GOAL OF THE EXERCISE: Every line from the start of the entries up to and including the one bearing "Oranje: Er wordt" must be printed verbatim, without the pictures.

DATA FOR THIS EXERCISE:
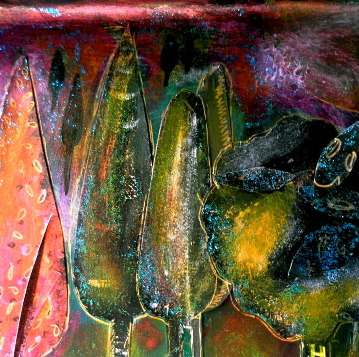 This can be stood on a bookshelf or wall mounted. The colours are rich and beautiful.
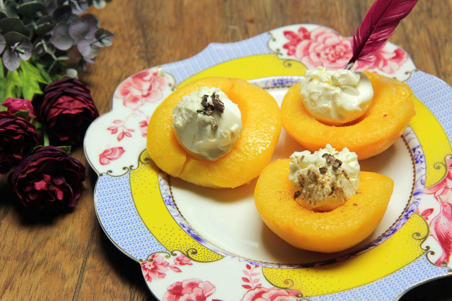 Finally, generously top the slightly cooled peach slices with the softened cream cheese you prepared. You can adjust the amount of cream cheese according to your preference. And just like that, your simple yet elegant Peach Cream Cheese Balls are ready!
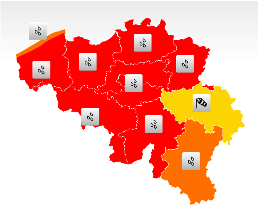 Oranje: Er wordt heel veel regen verwacht: veel of zeer intense buien ofwel zeer veel en langdurige neerslag op uitgebreide schaalof indien er al veel neerslag gevallen is in de vorige periodes. Dit kan aanleiding geven tot wateroverlast op verscheidene plaatsen in de regio of tot wateroverlast op uitgebreide schaal. Let dus bijzonder goed op.
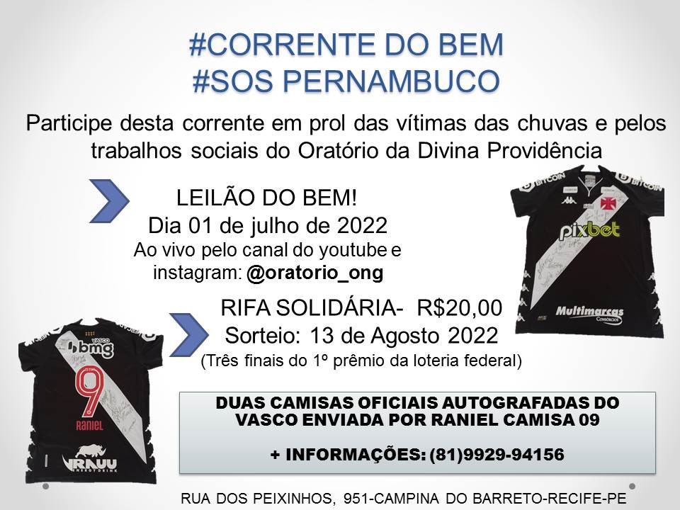 Quando esteve no Recife, o Vasco doou duas camisas para o Oratório da Divina Providencia leiloar e arrecadar recursos para ajudar as vítimas das chuvas. Para quem tiver interesse:
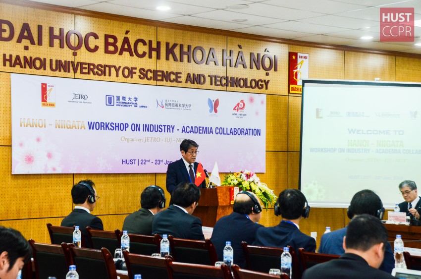 “Trong bối cảnh toàn cầu hóa và sự phát triển của quan hệ chiến lược giữa Việt Nam – Nhật Bản, Trường ĐHBK Hà Nội và Đại học Công nghệ Nagaoka đang tập trung thúc đẩy chương trình đào tạo tích hợp, dự án nghiên cứu phối hợp giữa trường đại học – công nghiệp góp phần phát triển nguồn nhân lực phục vụ đổi mới, sáng tạo, cung cấp kỹ sư trình độ cao” – PGS Hoàng Minh Sơn – Hiệu trưởng Trường ĐHBK Hà Nội nhấn mạnh.
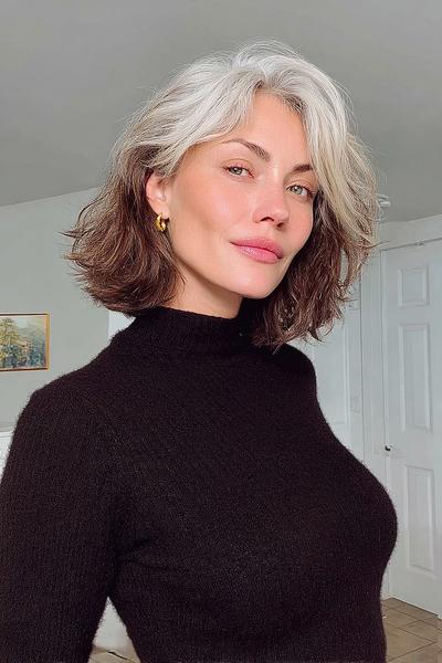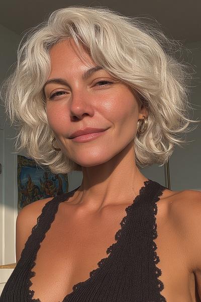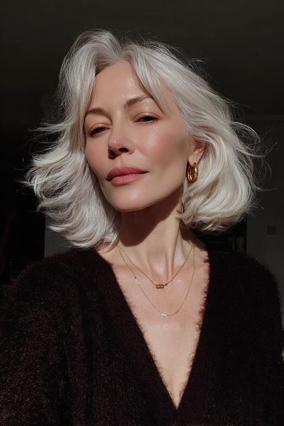Weiche, silbrige Wellen formen einen halblangen Bob voller Sanftheit. Ich empfehle Diffusor und Lockencreme, damit die Textur glänzt und nicht beschwert. Ein Look, der Gesichtszüge umspielt und Wärme plus Licht ins Profil bringt.

ANSWER BOX:
 This can be stood on a bookshelf or wall mounted. The colours are rich and beautiful.
 Finally, generously top the slightly cooled peach slices with the softened cream cheese you prepared. You can adjust the amount of cream cheese according to your preference. And just like that, your simple yet elegant Peach Cream Cheese Balls are ready!
 Oranje: Er wordt heel veel regen verwacht: veel of zeer intense buien ofwel zeer veel en langdurige neerslag op uitgebreide schaalof indien er al veel neerslag gevallen is in de vorige periodes. Dit kan aanleiding geven tot wateroverlast op verscheidene plaatsen in de regio of tot wateroverlast op uitgebreide schaal. Let dus bijzonder goed op.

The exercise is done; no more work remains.